Collateral Damage

By: Matthew Battles
November 18, 2011

When it comes to the fate of the OWS Library, New Statesmen blogger Laurie Penny has got it right:

It occurs to me that the impounding of books is a subtler and more appropriate metaphor for how culture is policed in modern times than the burning or destruction of books. Across the developed world, as austerity programmes kick in to finance the cataclysmic self-indulgence of the super-rich, it is libraries, schools and universities that are being priced out of the reach of ordinary people.

The day after the occupiers were forcibly evicted from Zuccotti Park, I chatted with someone I respect about the outrage perpetrated on the OWS Library. “It’s important to note that the books were collateral damage,” she pointed out. “This was not a book burning.” And I thought, yes, how true —and how disturbing. This uncanny un-book-burning is a symptom of the same security paradigm that demands a violent police action in the name of health and safety (putting the health and safety of citizens and police at risk in the process) while remaining mute about the titanic greed and wrongful incompetence that created the economic disaster.

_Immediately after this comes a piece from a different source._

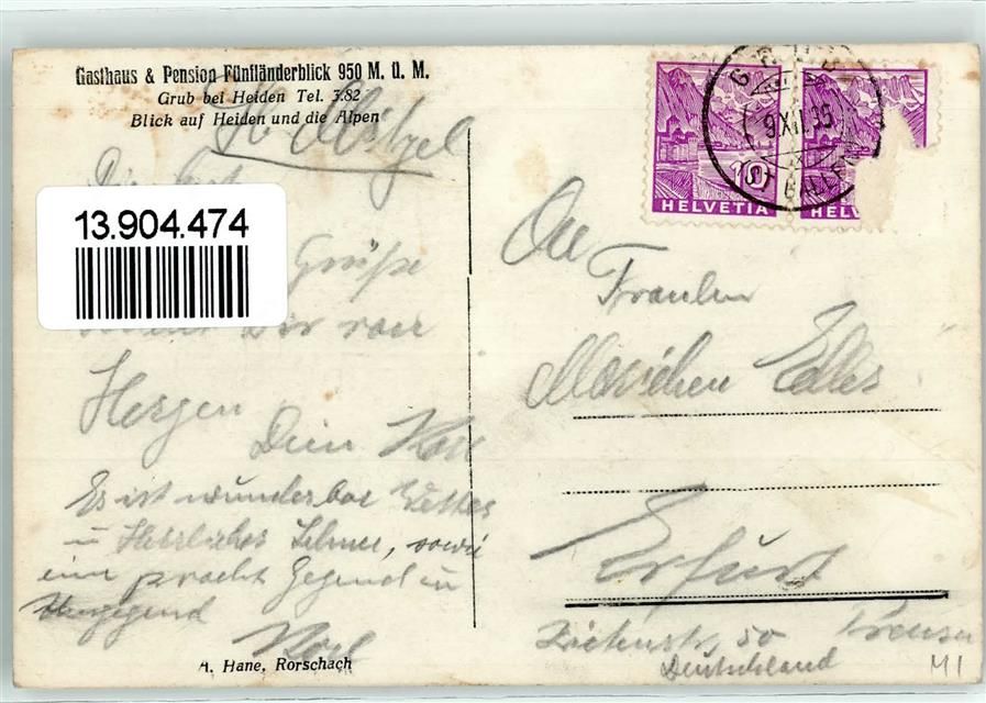 Grub AR, Fünfländerblick Gasthaus u. Pension Blick auf Heiden und die Alpen

The sickness of health-and-security theatre runs deep; its effects are striking and weird. Its post-cold-war avatars are the drug war and the global war on terror. It has brought about the thorough paramilitarization of the police; it leads us to swab the arms of condemned prisoners prior to euthanization. It has created a malignant shadow judiciary in our prison system, condemning inmates — most often the developmentally disabled and mentally ill — to the monstrous torture of solitary confinement. For the sake of their mental and spiritual health, prisoners held at Gitmo under George W. Bush who refused the Qu’rans offered by authorities were forced to accept them: a team would rush in and pin the prisoner to the ground while a holy book was placed in the cell by another guard whose hands were gloved in recognition that they were haram. It’s notable that in such cases the nastiness isn’t postulated as an end in itself, but as a measure undertaken for the sake of health and security — not infrequently, the health and security of the victim.

Alongside such malignancies, the trashing of the OWS Library may seem trivial. It’s easy to trot out the old Heinrich Heine quote: “where they burn books, so too will they in the end burn human beings.” Here we have the opposite move: first the people are tossed out, and then the books disappear.